Figure 2. PANTHER subfamily, Funfams and Pfam-N information for O02741.
Update on AlphaFold data
AlphaFold predicted structures were previously available from protein and InterPro entry pages only. They are now available from the AlphaFold tab for all member database signatures.
The AlphaFold tab on protein pages displays the predicted structure in the Molstar viewer and the InterPro matches in the protein sequence viewer. Hovering over a match in the sequence viewer highlights the corresponding region in the 3D view, as shown in Figure 3.
Figure 3. Interaction between the protein sequence viewer and Molstar viewer for AlphaFold structure prediction for O02741.
The list of domain architectures are now scaled in reference to the protein with the longest sequence on the page, as shown in Figure 4B.
Figure 4. Old (A) and new (B) domain architecture representation for PF00120.
Due to the decommissioning of the Pfam website, we have removed all the links to it.
Different alignments can be visualised from the Alignments tab in Pfam signature pages. The dropdown list allows you to choose the alignment of interest, it now includes the number of sequences for each alignment.
Short name is now included in the list of entries of a clan. Since March 2021, Pfam and the Google Research team led by Dr Lucy Colwell have been collaborating over Pfam-N, a deep learning methodology developed to increase the Pfam coverage of protein sequences. We have now included the Pfam-N annotation for the whole of UniProtKB proteins. These annotations are available in the Other features section of the protein sequence viewer, as shown in Figure 2. More details about these annotations can be found in a Pfam blog post.
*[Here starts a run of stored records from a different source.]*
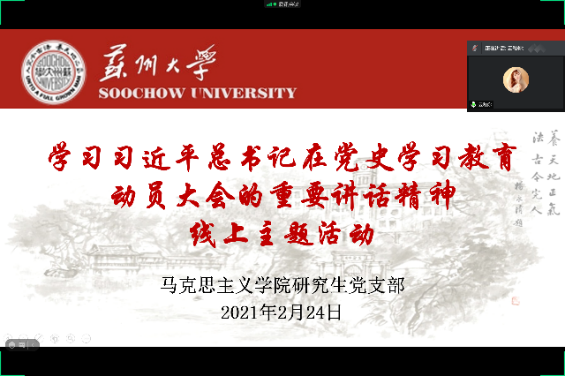 研究生党支部于2月24日举行了学习习近平总书记在党史学习教育动员大会上的重要讲话精神线上主题活动。活动由探花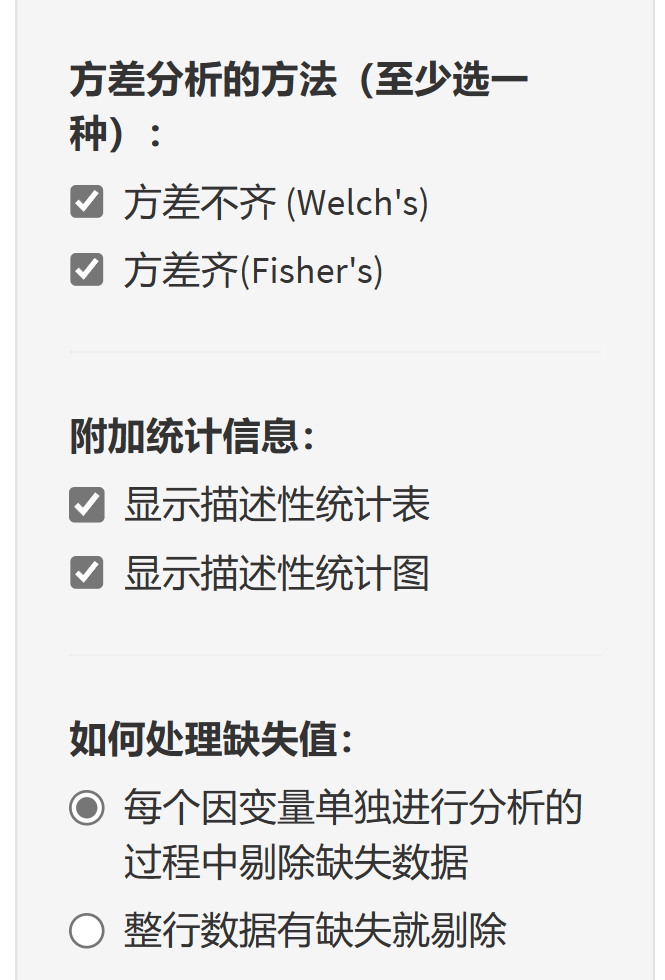 - 每个因变量单独剔除缺失(默认):保证尽可能多的有效样本,但不同结果的样本量可能不同。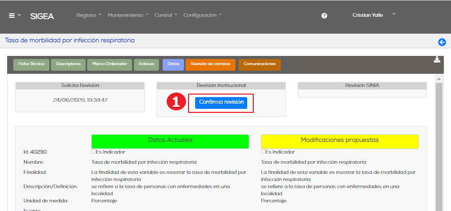 2. Confirmar revisión de los datos ingresados en el indicador o variable

The sequence search now supports the submission of multiple protein sequences at the same time, and groups them as a single job in the results, as shown in Figure 6.
Figure 6. Example of batch search listed in the InterProScan search results table.
The Download page allows you to download InterPro, InterProScan, Pfam, Prints and SFLD datasets.
The protein sequence viewer in the InterProScan results now allows to display short names, names and accessions.
Issues with the print and snapshot options in the protein sequence viewer layout have been resolved.